2099 of the 8488 fragments in the six sets found at least one homologue with BLAST. Some of the sequences found by BLAST searches were undoubtedly false positives caused by low complex regions of sequence, but most of the finds were sequences that had 100% identity. Note that fragments of less than 25 residues were ignored for the sake of speed and because BLAST is unlikely to give a good score to fragments that small.
There were fragments with homologues in all six sets, but practically all the finds were in the "gencode exons". There were only 54 in total from the other 5 regions.
When all six reading frames were taken into account, 2306 of the 50948 translations had homologues. There were 167 fragments that had
two or more translations with human homologues. The record was fragment chr21_33843808_33849255 where all six of the frames were over 1650 residues long and which managed to find homologues for all six reads. However, only one (the 1815 residues that had 99% identity to SON_HUMAN over 1782 residues) is likely to code a protein. The other five reads all have much lower percentage identities and are aligned in low complexity regions. The three upstream fragments and nine downstream fragments also have approximately 100% identity to SON_HUMAN.

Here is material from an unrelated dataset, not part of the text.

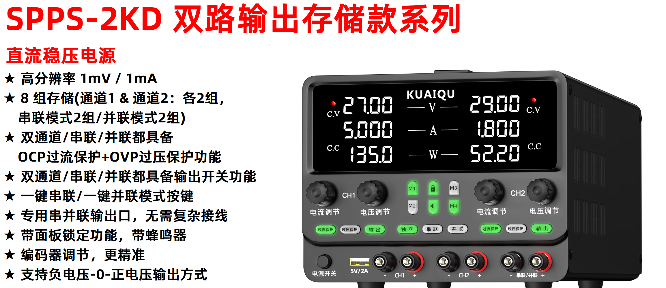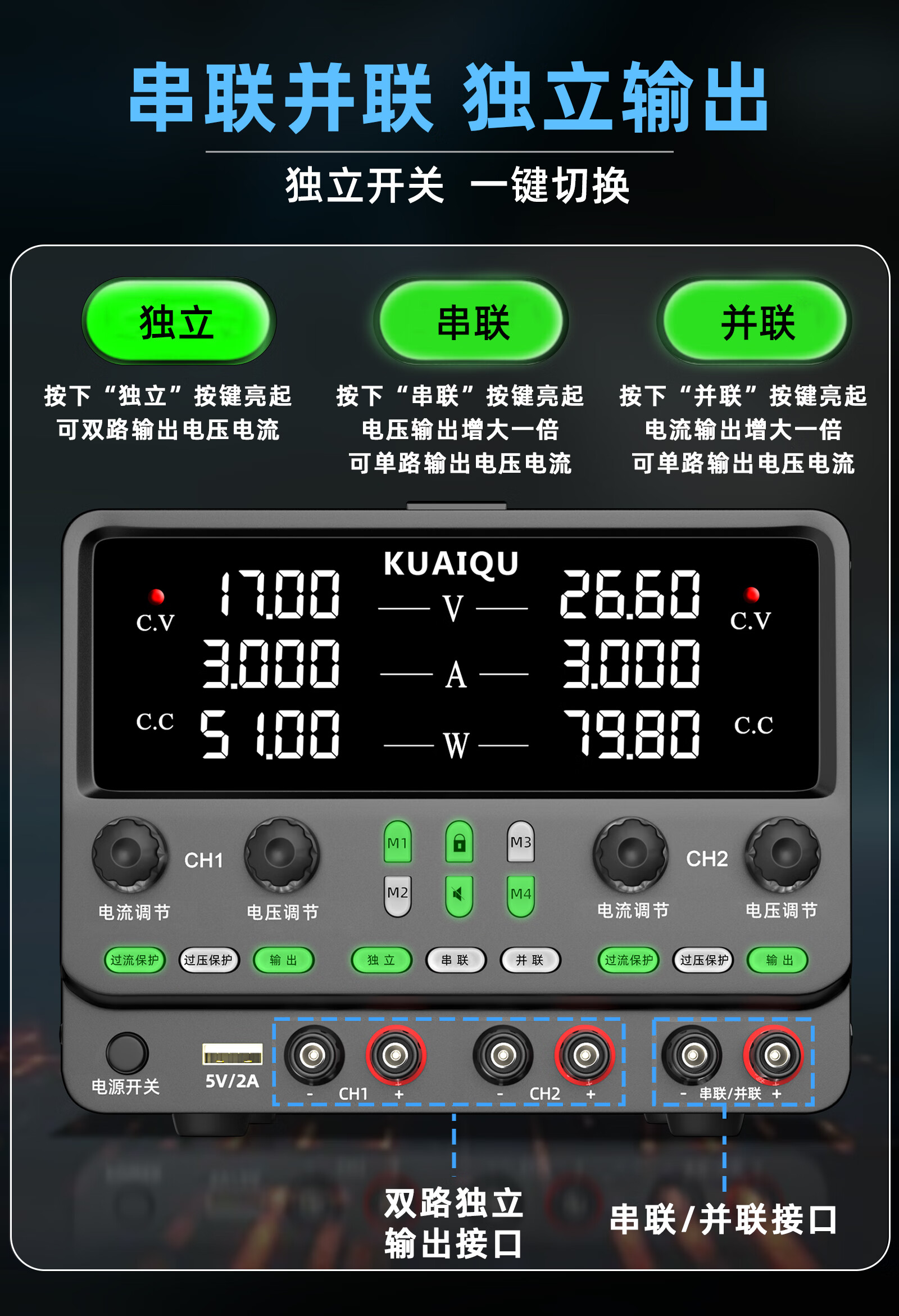 KUAIQU adjustable DC regulated power supply 60V5A dual output factory experimental maintenance positive and negative output switching power supply 60V5A two-way 120V5A series 60V10A parallel

However, there are also cases where more than one of the six frames has a human homologue and the precentage identities to the proteins are high. chr22_31579718_31581440 for example finds four human homologues, three of which are approximately 100% identity. Frames 1 and 3 find homologues over the same 55 residues N-terminal stretch and frames -1 and -3 find homologues for overlapping segments between residue 130 and residue 280. Frame -1 of the fragment finds homology with protein k222 (a 138 residue protein) between residues 149 and 229 and frame -3 between residues 229 and 284. So the homologous regions for frames -1 and -3 do not overlap and do not overlap those between frame 1 and 3. However, frame 1 does overlap with frame 3. Frame 1 fits with the upstream regions, the homologous protein is TIMP3_HUMAN, and there are 4 more TIMP3_HUMAN sections upstream from this one. However frame 3 is homologous to Q5THV5, a protein that is identical over the 147 N-terminal residues to TIMP3_HUMAN, but that
has different over the C-terminal 55 or so residues. If this is true and this codes for a protein, it would mean that the C-terminal end of the
protein is determined by the which frame is chosen for translation. In this case the C-terminal 60+ amino acids of the two proteins would be encoded by the same 180+ nucleotides and the choice of C-terminal determined by the frame shift.
(According to the Human Chromosome 22 article in Nature (Dunham et al, 1999): " The 61-kb TIMP3 gene, which is involved in Sorsby fundus macular degeneration, lies within a 268-kb intron of the large SYN3 gene". But there is no mention of Q5THV5 in this paper, Q5THV5 was deposited in May 2005 by the Havana
group)
Of the 2306 peptide fragments that find homologues 782 of them found a homologue that covered 100% of the sequence and had 100% identity. A further 1011 fragments had 100% identity to a human sequence over at least part of the fragment. In total 2000 of these 2036 homologues had at least 90% identity.
Of the five non-exonic sections, the "other EST fragments" find 14 fragments, all but one with high % identity. There are three segments that match GDIA_HUMAN on adjacent fragments of chromosome X, but they make up only a third of the entire sequence of GDIA_HUMAN. There are two fragments that match Q96N32 on the same chromosome, but again they only make up 50% of the protein. chr19_59470577_59470727_4 matches LIRB4_HUMAN at 100%
as do many of the exons on the same region of the chromosome. In this case it may be part of an alternative splice variant because one of the
exons also covers a very similar region of the sequence.
The intronic proximal fragments find homologues in 22 cases, most of them are likely to be false positives caused by low complexity. There are
5 fragments with high % identity, but only three of them might be protein coding - chr11_1866951_1867136_4 and a nearby fragment seem to be
100% identity to the ENSEMBL protein ENSP00000328502 and cover most of the sequence of the protein. chr19_59464094_59464166_1 has a 100%
identical 25 residue chunk of YMEL1_HUMAN as a homologue. The upstream and downstream exons also have YMEL1_HUMAN as a homologue at 100%, although the whole sequence is not covered.
The intronic distal fragments only find three fragments, all likely false positives.
The intergenic distal regions find 9 homologues, all from chromosome 11 and very close to each other. Most of the homologues have high % identity. Seven of the homologues are found from just two fragments, one of the fragments has four possible translation,s the other three. Of the nine frames with homologues, four are homologous to Q6ZTP7 and three to Q6ZQS6. All have very high percentage identity. The fragmments do not cover the entire sequence, but it may be that the missingg framments were less than 25 residues in size. The intergenic proximal fragments find just 6 homologues, three with high % identity, though all the fragments are very small.
This work was carried out by Michael Tress at the PDG and Julien Lagarde at IMIM.